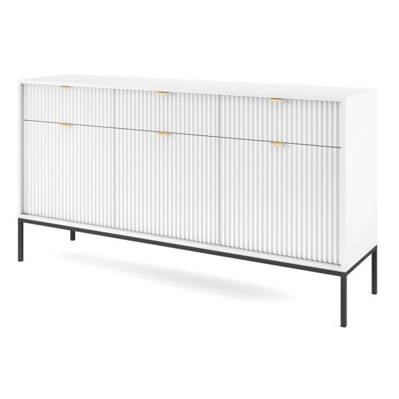 Solidne materiały, precyzyjne wykonanie i subtelne detale, takie jak złote uchwyty czy smukłe nóżki, sprawiają, że meble prezentują się elegancko i ponadczasowo.
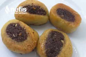 5. Elimizle yuvarlayıp iki parmak büyüklüğünde kesip, tepsiye diziyoruz. Ben bir kaç adedini kadayifa buladım lakin çok bir fark olmadığı için başkalarının sade yaptım.
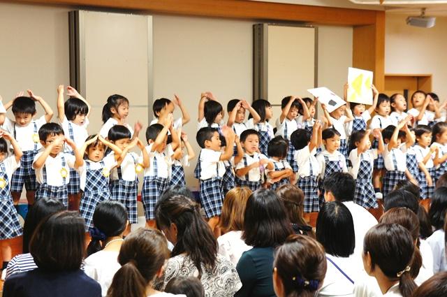 保護者のみなさまも来園し、年少組は揃った振り付けをして「アイアイ」を歌いました。4月に入園し、3ヶ月の子どもたちの成長に、感動で目頭を抑える保護者の方も見受けられました。
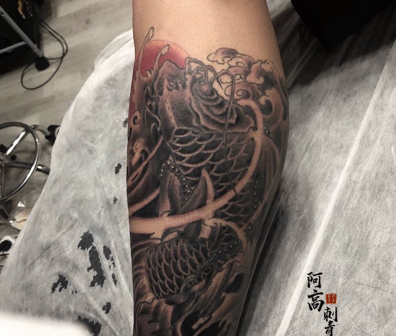 当前位置: 首页 >福建省福州市纹身店-阿高刺青处纹身图案>鲤鱼浪花包小腿纹身图片_腿部新传统纹身图案
:::::
**AIM OF THE EXERCISE**
Print the material above once more, exactly. No pictures belong in it.

**SOLVED EXERCISE**
 Solidne materiały, precyzyjne wykonanie i subtelne detale, takie jak złote uchwyty czy smukłe nóżki, sprawiają, że meble prezentują się elegancko i ponadczasowo.
 5. Elimizle yuvarlayıp iki parmak büyüklüğünde kesip, tepsiye diziyoruz. Ben bir kaç adedini kadayifa buladım lakin çok bir fark olmadığı için başkalarının sade yaptım.
 保護者のみなさまも来園し、年少組は揃った振り付けをして「アイアイ」を歌いました。4月に入園し、3ヶ月の子どもたちの成長に、感動で目頭を抑える保護者の方も見受けられました。
 当前位置: 首页 >福建省福州市纹身店-阿高刺青处纹身图案>鲤鱼浪花包小腿纹身图片_腿部新传统纹身图案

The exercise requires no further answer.